**Exercise**
Retype word for word the stretch of entries below from the line that has "予想は,1デシリットル(10" through the line that has "Platito de cerámica", and omit the pictures.

**Study material**
○ ○ ○

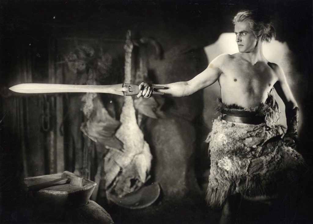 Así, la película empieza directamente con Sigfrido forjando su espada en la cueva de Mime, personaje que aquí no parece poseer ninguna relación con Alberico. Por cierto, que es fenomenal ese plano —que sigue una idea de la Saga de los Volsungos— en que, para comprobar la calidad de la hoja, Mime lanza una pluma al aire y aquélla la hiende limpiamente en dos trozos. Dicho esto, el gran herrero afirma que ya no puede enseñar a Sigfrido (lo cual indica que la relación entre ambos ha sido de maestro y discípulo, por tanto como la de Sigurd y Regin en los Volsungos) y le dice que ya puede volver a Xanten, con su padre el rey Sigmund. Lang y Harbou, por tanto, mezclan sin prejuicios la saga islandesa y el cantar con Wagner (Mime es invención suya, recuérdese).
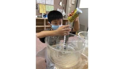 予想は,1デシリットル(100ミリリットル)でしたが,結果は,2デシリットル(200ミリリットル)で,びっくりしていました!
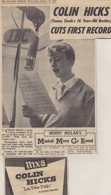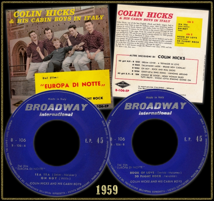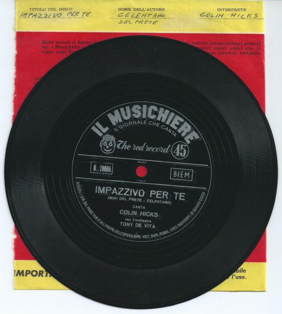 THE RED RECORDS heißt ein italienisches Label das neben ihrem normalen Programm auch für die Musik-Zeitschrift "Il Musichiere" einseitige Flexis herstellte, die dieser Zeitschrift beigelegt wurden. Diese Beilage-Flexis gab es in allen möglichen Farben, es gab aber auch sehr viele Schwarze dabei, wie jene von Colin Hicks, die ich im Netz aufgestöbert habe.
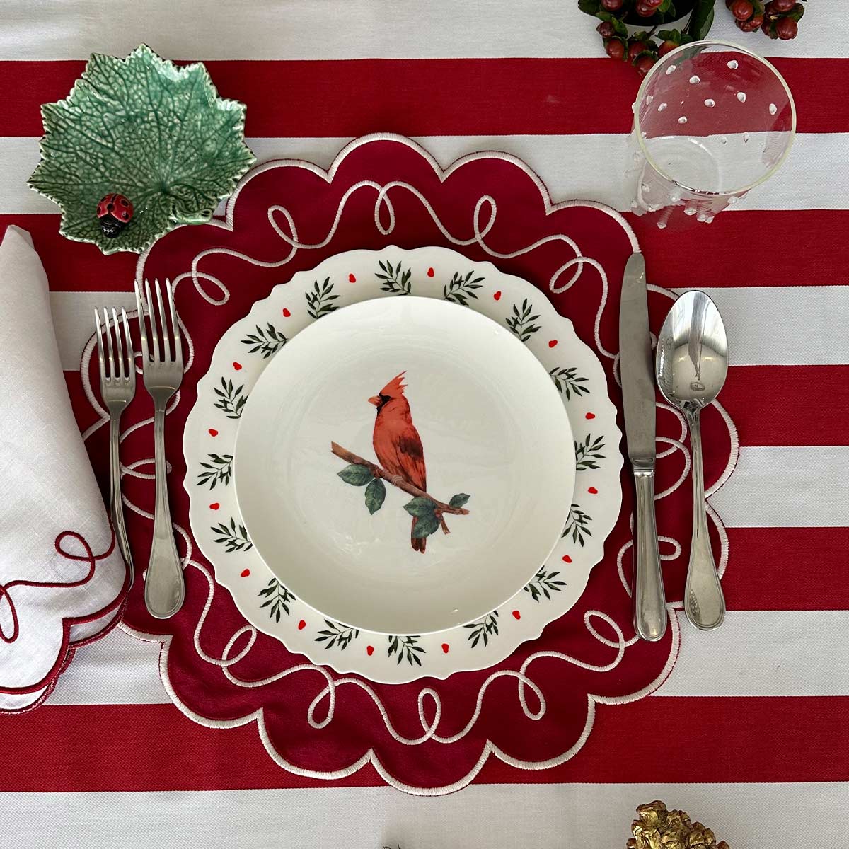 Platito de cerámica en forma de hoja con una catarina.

○ ○ ○

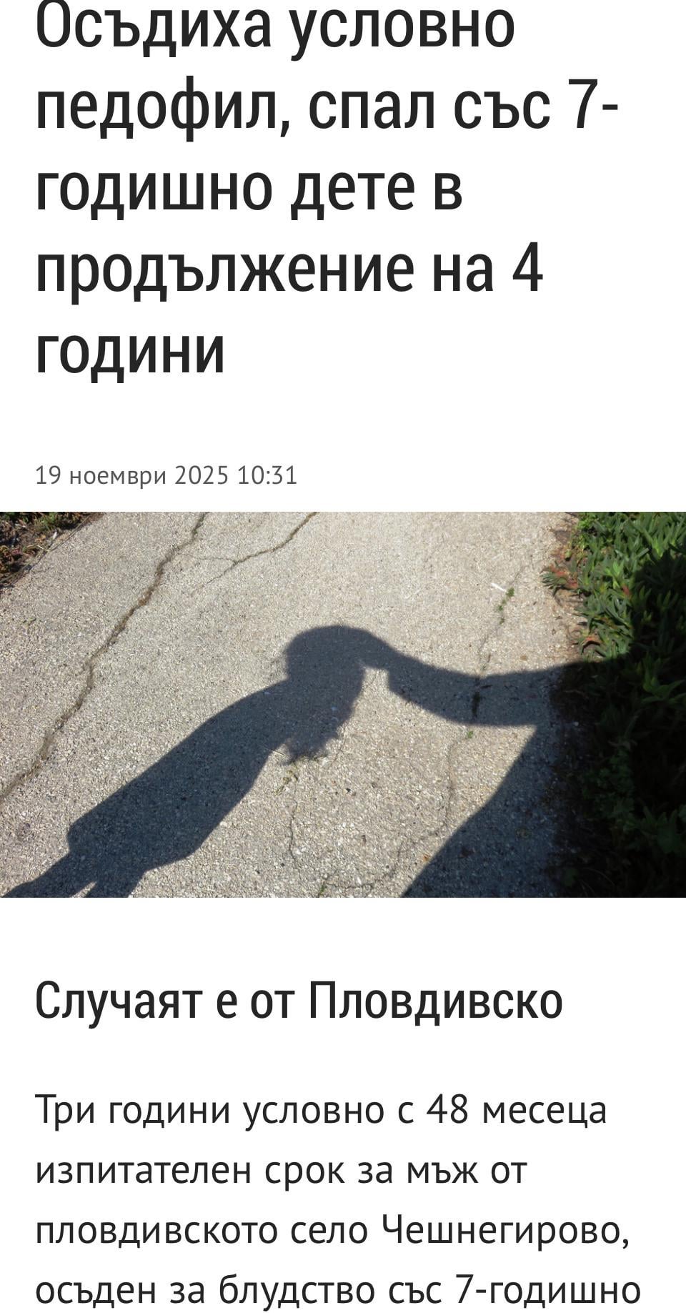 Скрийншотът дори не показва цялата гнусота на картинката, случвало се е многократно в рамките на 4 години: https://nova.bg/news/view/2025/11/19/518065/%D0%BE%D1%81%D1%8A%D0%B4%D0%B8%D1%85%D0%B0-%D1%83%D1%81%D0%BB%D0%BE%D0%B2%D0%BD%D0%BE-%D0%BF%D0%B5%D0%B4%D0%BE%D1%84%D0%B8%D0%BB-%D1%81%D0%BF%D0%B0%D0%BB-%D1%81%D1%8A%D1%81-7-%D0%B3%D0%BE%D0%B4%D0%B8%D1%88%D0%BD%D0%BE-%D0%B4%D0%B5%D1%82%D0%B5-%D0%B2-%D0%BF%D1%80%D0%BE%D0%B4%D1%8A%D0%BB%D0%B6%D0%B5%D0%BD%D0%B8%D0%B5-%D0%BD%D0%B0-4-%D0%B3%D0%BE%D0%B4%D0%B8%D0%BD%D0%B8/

○ ○ ○

**Answer box**
 予想は,1デシリットル(100ミリリットル)でしたが,結果は,2デシリットル(200ミリリットル)で,びっくりしていました!
 THE RED RECORDS heißt ein italienisches Label das neben ihrem normalen Programm auch für die Musik-Zeitschrift "Il Musichiere" einseitige Flexis herstellte, die dieser Zeitschrift beigelegt wurden. Diese Beilage-Flexis gab es in allen möglichen Farben, es gab aber auch sehr viele Schwarze dabei, wie jene von Colin Hicks, die ich im Netz aufgestöbert habe.
 Platito de cerámica en forma de hoja con una catarina.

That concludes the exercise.